Task requirements:
The answer must be an exact transcription of the lines below from the first through the one containing "5時間目は、プレゼン八阪の歌", with the pictures left out; please add nothing else.

*** Opening of Records provided ***

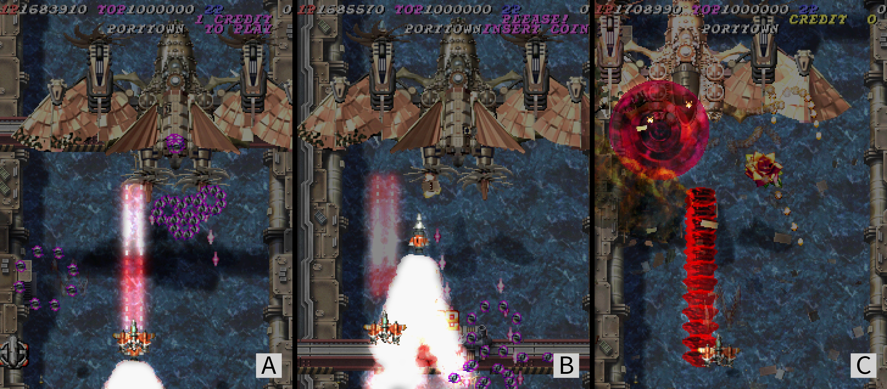 - Type C: Homing missile with continuous trail. Can be difficult to control when many enemies are present.
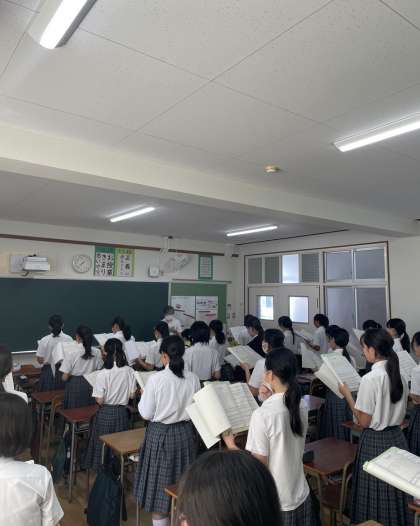 5時間目は、プレゼン八阪の歌の練習をしました。各クラス歌のパートに分かれて、練習開始です!
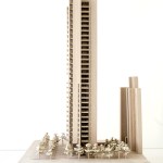 The design of the tower is founded upon principles of geometric clarity and openness that are reflected in its horizontal and vertical organization. The building consists of two complimentary volumes, a transparent south volume and a solid north volume. The relationship between these two main elements is emphasized through a subtle shift in both plan and elevation that creates a dynamism and variation in scale that responds to the immediate urban environment. Fundamentally, the solid north volume contains the services and core of the residential units that flow towards the transparent south volume which is a natural light-filled space where living, social and the more public programs are located. A carefully crafted geometric organization allows viewing corridors towards the mountains in the far distance.
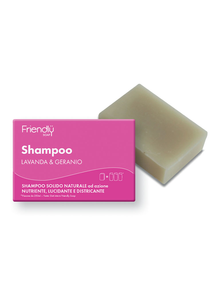 Questo shampoo solido contiene olio di ricino che, producendo una leggera e cremosa schiuma, aiuta a districare, proteggere e idratare i capelli in profondità. Gli oli essenziali di lavanda e geranio rendono l’utilizzo piacevole e rilassante.95gLe saponette ecologiche di Friendly Soap sono vegane, cruelty free e confezionate utilizzando imballaggi per sapone privi di plastica, con cartone riciclato e riciclabile. Le saponette sono create utilizzando ingredienti naturali, assicurando che la tua pelle e i tuoi capelli ne beneficeranno tanto quanto il pianeta. I saponi senza plastica sono realizzati con un processo perfettamente pulito e ogni membro del team viene pagato più del salario minimo.Permettendoti di agire per un mondo che si prende cura dell'ambiente, delle persone e degli animali.L'azienda viene riconosciuta e certificata delle seguenti dichiarazioni di sostenibilità:• Prodotti senza plasticaIl marchio non utilizza plastica vergine o riciclata in nessuno dei suoi prodotti e utilizza quasi il 100% di imballaggi primari privi di plastica.• Oltre il 50% di imballaggi riciclatiOltre la metà degli imballaggi dei prodotti primari del marchio è realizzata con materiali riciclati che sono stati recuperati, rielaborati e convertiti in nuovi materiali.• Oltre il 75% di imballaggi riciclabiliOltre il 75% degli imballaggi dei prodotti primari e secondari del marchio può essere riciclato attraverso la raccolta standard sul marciapiede o è certificato compostabile a casa.• 100% veganoIl marchio offre esclusivamente prodotti o esperienze 100% vegani e non utilizza alcun ingrediente o componente derivato da animali in nessuno dei suoi prodotti, imballaggi e processi produttivi.• Senza crudeltàIl marchio e i suoi fornitori rispettano i principi cruelty-free, il che significa che garantiscono che nessun prodotto, ingrediente o componente venga mai testato sugli animali.• Olio di palma sostenibileIl marchio deve utilizzare olio di palma sostenibile al 100% in tutti i prodotti, come evidenziato o garantito dalla certificazione Roundtable on Sustainable Palm Oil (RSPO) o ISCC – International Sustainability and Carbon Certification.• Campione della ComunitàIl marchio è coinvolto in progetti o iniziative a beneficio della comunità e che vanno oltre i loro prodotti, servizi e attività tipici per guadagni commerciali diretti.• Dipendenti responsabilizzatiIl marchio agisce per consentire ai propri dipendenti di essere più felici, più sani e vivere in modo più sostenibile.• BeneficenzaIl marchio fornisce una donazione in denaro o altro supporto tangibile a un ente di beneficenza registrato su base continuativa.• SalarioIl marchio paga il Living Wage a tutto il personale assunto direttamente, garantendo uno standard di vita dignitoso nel Regno Unito ea Londra. Il salario dignitoso reale viene calcolato annualmente in modo indipendente dalla Resolution Foundation e supervisionato dalla Living Wage Commission.• Bellezza pulitaIl marchio non utilizza ingredienti aggressivi, profumi sintetici o coloranti (inclusi coloranti di origine animale) in nessuno dei suoi prodotti.• Compensazioni di carbonioIl marchio finanzia progetti esterni che sequestrano le emissioni di anidride carbonica per compensare le proprie emissioni.• Prodotto nel Regno UnitoIl marchio produce i suoi prodotti nel Regno Unito.
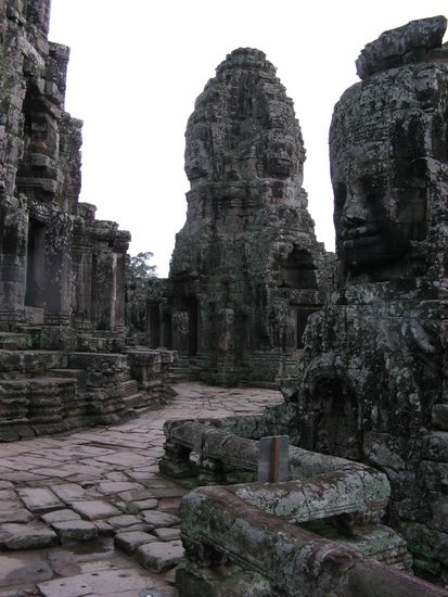 Inzwischen war es schon eine Stunde vor Dunkelwerden. Wir schafften es zwar noch in die Tempelanlage Bayon, wussten aber bereits, dass wir hier morgen noch einmal herkommen mussten. Bayon war einfach zu gross und spektakulaer, um in einer halben Stunde abgehandelt zu werden.
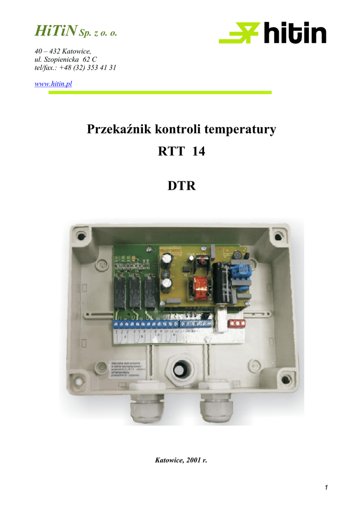 HiTiN Sp. z o. o. 40 – 432 Katowice, ul. Szopienicka 62 C tel/fax.: +48 (32) 353 41 31 www.hitin.pl Przekaźnik kontroli temperatury RTT 14 DTR Katowice, 2001 r. 1 1. Wstęp. Przekażnik elektroniczny RTT-14 jest przeznaczony do wykrywania przekroczenia temperatury przez transformatory wyposażone w czujniki typu PTC lub NTC. 2. Zastosowanie. Układ RTT-14 przeznaczony jest do nadzorowania temperatury transformatorów suchych i żywicznych oraz silników wyposażonych w czujniki typu PTC lub NTC. Układ kontroluje maksymalnie trzy progi temperatur. Wyjściem układu dla każdego z czujników temperatury jest przekaźnik ze stykiem przełącznym. Czwarty przekaźnik pracuje jako układ czasowy załączający się ze zwłoką 5 sekund od podania napięcia zasilania na układ. 3. Dane techniczne: Napięcie znamionowe zasilania: Maksymalna moc pobierana: Ilość wejść: Oporność nominalna przełączenia: Zwłoka na załączenie toru D (t1): Zwłoka na wyłączenie toru D (t2): Ilość wyjść: Maksymalne napięcie przełączane styków: Maksymalna zdolność łączeniowa AC: Obciążalność znamionowa styków: Temp.otoczenia (praca): Temp.otoczenia (przechowywanie): Ochrona: Izolacja zasilania do obudowy: Izolacja wejść do obudowy: Izolacja wejść do zasilania: Stopień ochrony: Gabaryty: − szerokość − długość − wysokość Waga: Dławiki kablowe: 42 – 240 V AC lub 42 – 240 V DC bez przełączeń 6 VA 3 (do każdego można dołączyć max. 3 czujniki PTC lub NTC połączone szeregowo, o łącznej rezystancji nominalnej < 1 kΏ) i układ czasowy 1 kΩ 5 sek min 0,2 sek 4 przełączne 400V AC 2000VA 250V AC/8A -25 do 55°C -25 do 80°C zerowanie lub uziemianie 3,5 kV 1,0 kV 3,5 kV IP 56 190 mm 140 + 22 mm dławiki kablowe 70 mm + 22 mm dławiki kablowe ok. 0,5 kg 3xPG16 4. Instalowanie. Układ należy zamocować mechanicznie do podstawy trzema wkrętami M4 lub M5 przez otwory w dolnej części obudowy (wymiary na rysunku gabarytowym nr 1). W zależności od typu zastosowanych czujników ustawić odpowiednio zwory na płytce drukowanej zgodnie z opisem podanym niżej. Podłączyć ochronę, zasilanie i czujniki. Styki przełączne połączyć według potrzeb. Układ nie wymaga regulacji. Położenie pracy dowolne. Zaciski przyłączeniowe o średnicy max 2,5mm 2, zalecane przyłączenie linką 1 lub 1,5 mm2. Układ nie wymaga konserwacji. Producent udziela na wyrób 3 letniej gwarancji od daty sprzedaży na ogólnie obowiązujących zasadach pod warunkiem eksploatacji zgodnej z przeznaczeniem oraz obowiązującymi przepisami. Dla ułatwienia montażu schemat blokowy RTT-14 i jego wyprowadzenia przedstawione są na rysunku wewnątrz obudowy. 2 5. Budowa. Do wejść pomiarowych urządzenia można przyłączyć maksymalnie trzy czujniki o rezystancji 1kom dla temperatury nominalnej. Każdy z czujników jest sprawdzany w układzie mostkowym przez własny komparator z histerezą. Komparator uruchamia bądź wyłącza odpowiedni element wykonawczy. Elementami wykonawczymi są przekaźniki RM96P. Tor D załącza się po czasie 5 sekund od podania zasilania na układ . Zastosowany w urządzeniu zasilacz impulsowy pozwala na poprawną pracę przy zasilaniu napięciem z zakresu 42-240V DC/AC bez jakichkolwiek przełączeń. Rozwiązanie zastosowane w układzie jest zastrzeżone. Schemat podłączeń zewnętrznych przedstawiono na rysunku wewnątrz obudowy i poniżej. 6. Programowanie. Do ustawiania rodzaju pracy układu RTT-14 służą dwie zworki umieszczone na przełącznikch Z1 i Z2. Przełączniki Z1 i Z2 umożliwiają konfigurowanie rodzaju pracy czujników. Możliwe są następujące kombinacje. - Dla czujników typu PTC: Zwarcie zworą pierwszą złącza Z1 a drugą złącza Z2 - w pozycji tej przekaźniki są załączone gdy temperatura jest prawidłowa. Przekaźniki wyłączają się po przekroczeniu temperatury progowej. Kombinacja ta powoduje, że po zaniku napięcia zasilającego przekaźniki przechodzą w stan taki jak po przekroczeniu temperatury, co chroni transformator w wypadku awarii zasilania układu. Zwarcie zworami odpowiednio zacisku Z1:1 z Z2:1 i Z1:2 z Z2:2 - w pozycji tej przekaźniki są wyłączone gdy temperatura nie przekracza progów. Przekaźniki załączają się gdy temperatura przekroczy progi czujników. W pozycji tej układ przy braku napięcia zasilającego nie kontroluje temperatury. - Dla czujników typu NTC: Zwarcie zworami odpowiednio zacisku Z1:1 z Z2:1 i Z1:2 z Z2:2 - w pozycji tej przekaźniki są załączone gdy temperatura jest prawidłowa. Przekaźniki wyłączają się po przekroczeniu temperatury progowej. Kombinacja ta powoduje, że po zaniku napięcia zasilającego przekaźniki przechodzą w stan taki jak po przekroczeniu temperatury, co chroni transformator w wypadku awarii zasilania układu. Zwarcie zworą pierwszą złącza Z1 a drugą złącza Z2 - w pozycji tej przekaźniki są wyłączone gdy temperatura nie przekracza progów. Przekaźniki załączają się gdy temperatura przekroczy progi czujników. W pozycji tej układ przy braku napięcia zasilającego nie kontroluje temperatury. 3 Rys. 1 - Szkic wymiarowy układu RTT-14 wraz z rozstawem otworów mocujących. A, B i C przekaźniki wykonawcze torów kontroli temperatury, D- przekaźnik wyjściowy układu czasowego. 4 7. Stany awaryjne: • Przekaźniki nie załączają się mimo prawidłowego stanu czujników: - sprawdzić zasilanie układu - powinna się świecić lampka na zasilaczu wewnątrz układu - sprawdzić czy są prawidłowo założone zworki na układzie kodującym, jeżeli objaw nie ustępuje należy skonsultować się z producentem.Objawy takie mogą wystąpić jeżeli układ został zniszczony lub zablokowany został zasilacz. Przyczyną może być wystąpienie wysokich potencjałów pomiędzy czujnikami lub pojawienie się w napięciu zasilającym serii impulsów napięciowych o energii umożliwiającej przepalenie wewnętrznych bezpieczników lub warystora

*** Close of Records provided ***

Written reply:
 - Type C: Homing missile with continuous trail. Can be difficult to control when many enemies are present.
 5時間目は、プレゼン八阪の歌の練習をしました。各クラス歌のパートに分かれて、練習開始です!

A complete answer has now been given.